20 patients, each patient has a remission and disease time point (biospecimen). Each biospecimen is sorted into two cell populations. The (ideal) objectives in layperson terms are to:

A) Identify transcriptomic changes between disease states and remission shared by all cell types and patients
B) Identify transcriptomic changes between disease states and remission for individual cell types, shared by all patients
C) Identify transcriptomic changes between disease and remission for individual patients and cell types

Code:

library(edgeR)

# Prepare metadata
set.seed(1)
metadata <- data.frame(
  BIOSPECIMEN=factor(paste0('S',1:20)),
  INDIVIDUAL=factor(paste0('Patient',c(rep(1,4),rep(2,4),rep(3,4),rep(4,4),rep(5,4)))),
  CELLTYPE=factor(paste0('Cell',c(rep(c(1,2),5)))),
  DISEASESTATE=factor(c('Remission','Remission','D1','D1',
                        'Remission','Remission','D1','D1',
                        'Remission','Remission','D2','D2',
                        'Remission','Remission','D3','D3',
                        'Remission','Remission','D1','D1'),
                      levels=c('Remission','D1','D2','D3')),
  DISEASESTATEBIN=factor(rep(c('Remission','Remission','D','D'),5)),
  RIN=rnorm(20,mean=6,sd=1.5),
  AGE=unlist(lapply(rnorm(5,mean=45,sd=8),rep,4))
)

# Center and scale RIN score
metadata$RINS <- scale(metadata$RIN)

# Generate random counts
counts <- sapply(1:nrow(metadata),function(i) {
  rnbinom(n=1000,size=sample(seq(0.1,1,by=0.1),1),prob=0.1)
})
colnames(counts) <- metadata$BIOSPECIMEN
row.names(counts) <- paste0('gene',1:nrow(counts))

Specific Question 1: Is there a preferred paradigm for voomLmFit for paired RNA-seq between blocking on individual and including individual in the model design (Option 1 vs Option 2 below):

### Analysis A) Option 1
y1 <- DGEList(counts=counts,samples=metadata)
design1 <- model.matrix(~0 + DISEASESTATE + RINS,
                        data=y1$samples)
keep1 <- filterByExpr(y1,design1)
y1 <- y1[keep1,,keep.lib.sizes=FALSE]
y1 <- normLibSizes(y1)
fit1 <- voomLmFit(y1,design1,block=y1$samples$INDIVIDUAL,sample.weights=TRUE)
contrasts1 <- makeContrasts('DISEASESTATED1 - DISEASESTATERemission',
                            levels=design1)
fit1 <- contrasts.fit(fit1,contrasts1)
fit1 <- eBayes(fit1)
res1 <- topTable(fit1,sort.by='P',n=Inf)

### Analysis A) Option 2
y2 <- DGEList(counts=counts,samples=metadata)
design2 <- model.matrix(~0 + DISEASESTATE + INDIVIDUAL + RINS,
                        data=y2$samples)
keep2 <- filterByExpr(y2,design2)
y2 <- y2[keep2,,keep.lib.sizes=FALSE]
y2 <- normLibSizes(y2)
fit2 <- voomLmFit(y2,design2,sample.weights=TRUE)
contrasts2 <- makeContrasts('DISEASESTATED1 - DISEASESTATERemission',
                            levels=design2)
fit2 <- contrasts.fit(fit2,contrasts2)
fit2 <- eBayes(fit2)
res2 <- topTable(fit2,sort.by='P',n=Inf)

# Comparison
comp <- merge(res1,res2,by='row.names')
plot(comp$logFC.x,comp$logFC.y)
message(cor(comp$logFC.x,comp$logFC.y))

Specific Question 2: For analysis B), is the best approach to create a combined group as below, or should I instead split the counts into individual cell types first?

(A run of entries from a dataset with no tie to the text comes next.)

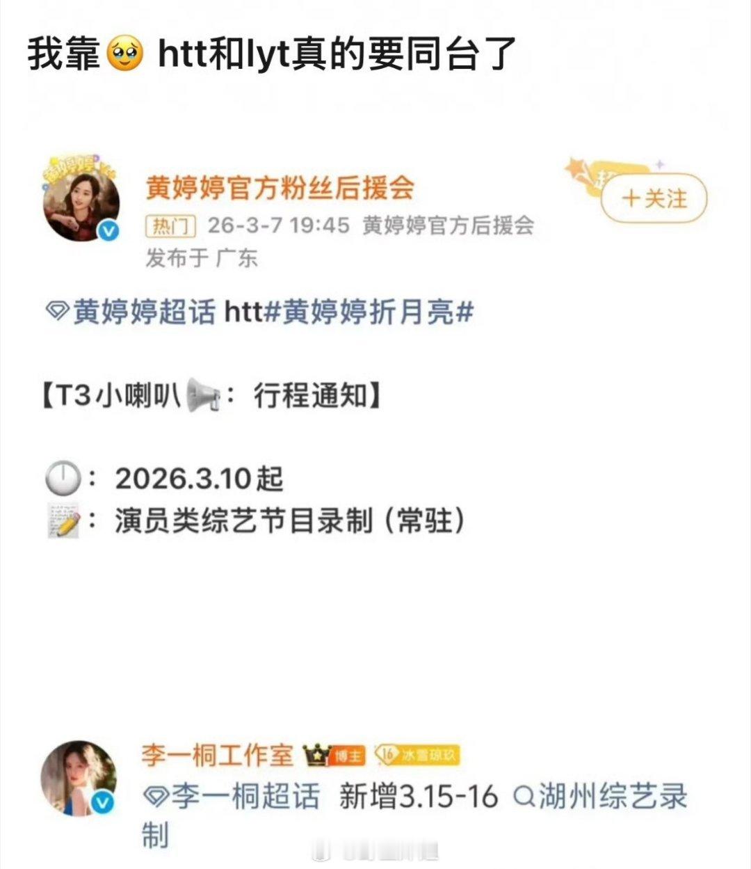 有眼尖的网友发现黄婷婷跟李一桐好像要同台录制综艺了,两个人同一天的行程都是一样的,可信度瞬间就高了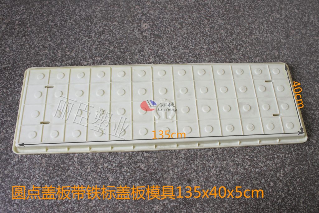 這款四孔圓點蓋板模具的尺寸為長135cm、寬40cm、高為5cm,用料上采用穩(wěn)定性較強的ABS為注塑原料,在澆筑水泥制品過程中能更好的保證砼制品模具不會發(fā)生變形,在對蓋板模具的四周添加了加強筋,小三角樣式更好的支撐塑料蓋板模具邊緣。
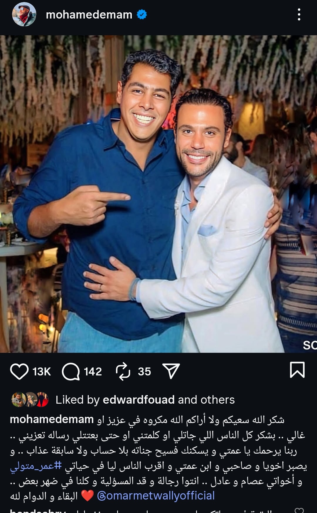 حرص الفنان محمد إمام على توجيه رسالة مؤثرة بعد انتهاء عزاء عمته إيمان إمام، عبّر خلالها عن امتنانه لكل من شاركه لحظات الحزن وسانده في هذا الظرف الإنساني الصعب، ونشر محمد إمام عبر حسابه الرسمي على موقع «إنستجرام» كلمات حملت مشاعر صادقة، قال فيها إن المواساة والدعم اللذين تلقاهما من الجمهور والأصدقاء خففا كثيرًا من وطأة الفقد.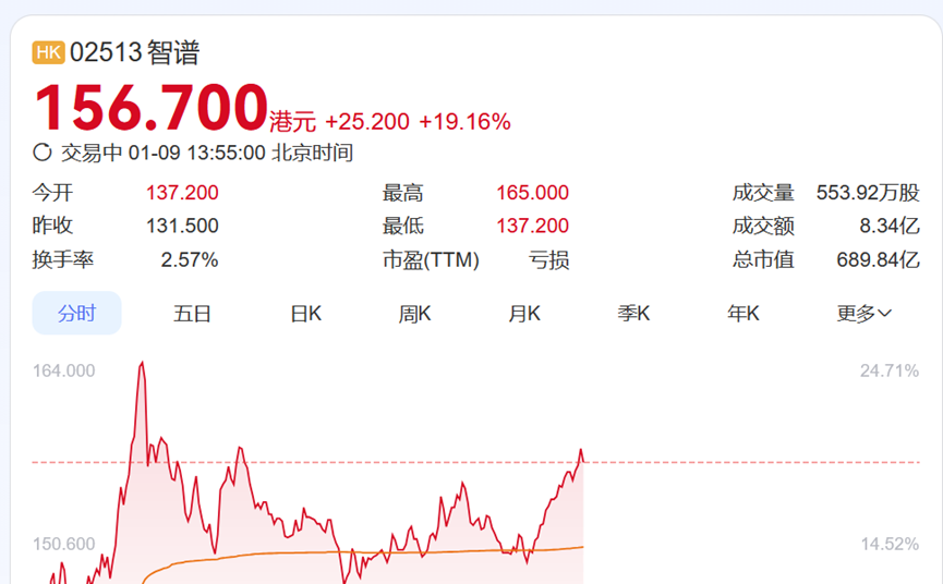 今天持续走高,已暴涨至156.7港元/股,总市值高达689亿元,创造了中国AI领域的新纪录。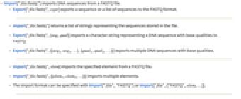 - Import["file.fastq"] imports DNA sequences from a FASTQ file.
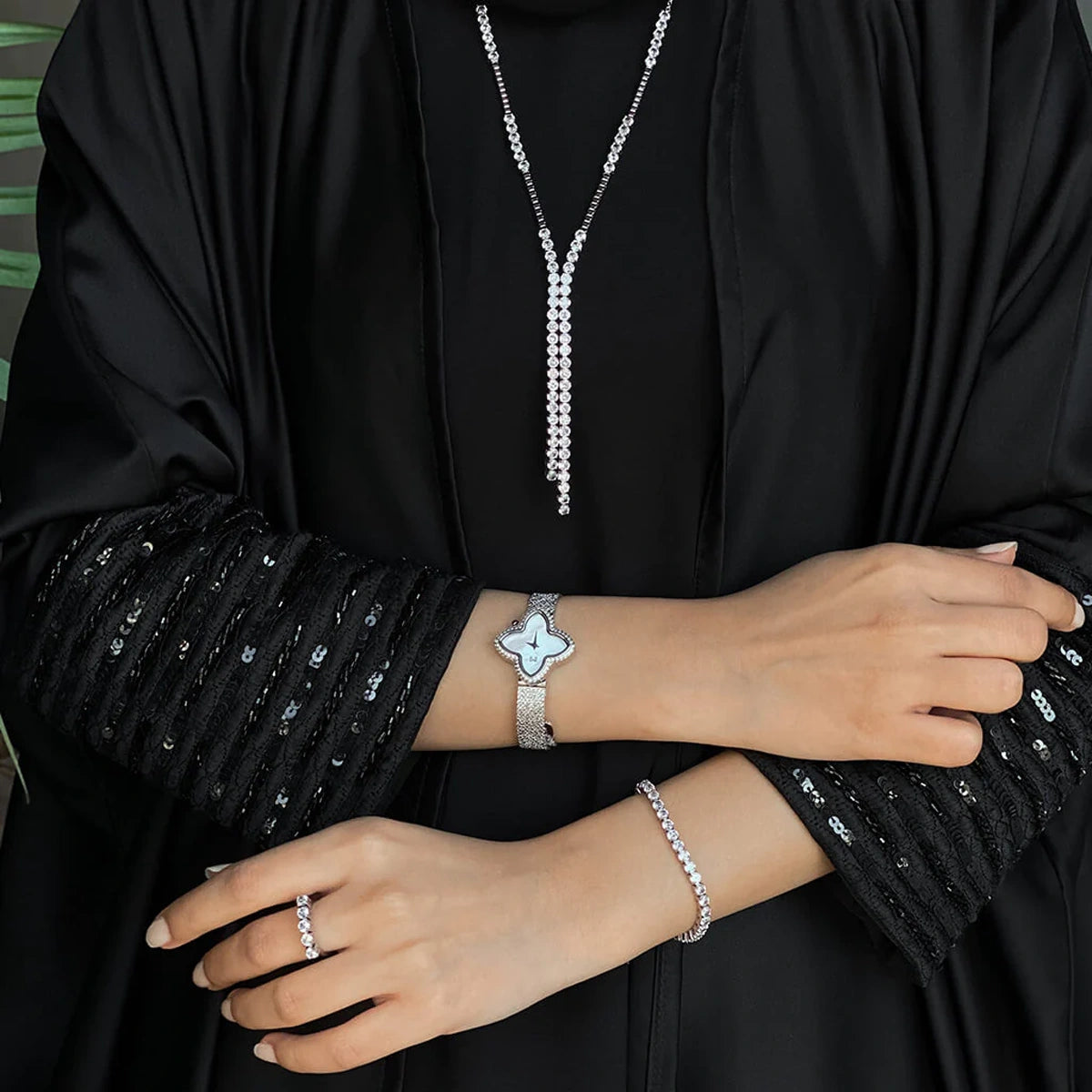 تجسد مجموعة تنس لمسة خالدة من الأناقة ؛ مرصعة بأحجار براقة وقلادة قابلة للتعديل، ليمنحك أناقة وسهولة في التنسيق لجميع مناسباتك.

The differences in cell types (as assessed by MDS/PCA) are much greater than differences between patients or disease status:

# Analysis B)
metadata$CELLTYPE_DISEASESTATE <- paste(metadata$CELLTYPE,metadata$DISEASESTATE,sep='_')
y3 <- DGEList(counts=counts,samples=metadata)
design3 <- model.matrix(~0 + CELLTYPE_DISEASESTATE + INDIVIDUAL + RINS,
                        data=y3$samples)
keep3 <- filterByExpr(y3,design3)
y3 <- y3[keep3,,keep.lib.sizes=FALSE]
y3 <- normLibSizes(y3)
fit3 <- voomLmFit(y3,design3,sample.weights=TRUE)
contrasts3 <- makeContrasts('CELLTYPE_DISEASESTATECell1_D1 - CELLTYPE_DISEASESTATECell1_Remission',
                            levels=design3)
fit3 <- contrasts.fit(fit3,contrasts3)
fit3 <- eBayes(fit3)
res3 <- topTable(fit3,sort.by='P',n=Inf)

General questions:

Is it appropriate to account for differences in RNA integrity (RIN) score using the centered/scaled RIN values in the model design as shown above?
It seems reasonable to default to sample.weights=TRUE for clinical samples. Are there downsides to this approach?

This is my first post. Please forgive me for any issues with this post, and thank you in advance for any help.

edgeR limma voomLmFit • 530 views

ADD COMMENT • link updated 19 hours ago by Gordon Smyth 52k • written 1 day ago by Devin ▴ 10

score 3 · Accepted Answer · 2025-03-19

3

Entering edit mode

Gordon Smyth 52k

@gordon-smyth

Last seen 9 hours ago

WEHI, Melbourne, Australia

Specific Question 1: Is there a preferred paradigm for voomLmFit for paired RNA-seq between blocking on individual and including individual in the model design (Option 1 vs Option 2 below):

Since the experimental design is balanced (every individual has 4 samples), I recommend including individual in the model matrix.

Specific Question 2: For analysis B), is the best approach to create a combined group as below, or should I instead split the counts into individual cell types first?

It makes no difference, provided that you end up fitting all four groups for each individual. I recommended the combined group for simplicity.

Is it appropriate to account for differences in RNA integrity (RIN) score using the centered/scaled RIN values in the model design as shown above?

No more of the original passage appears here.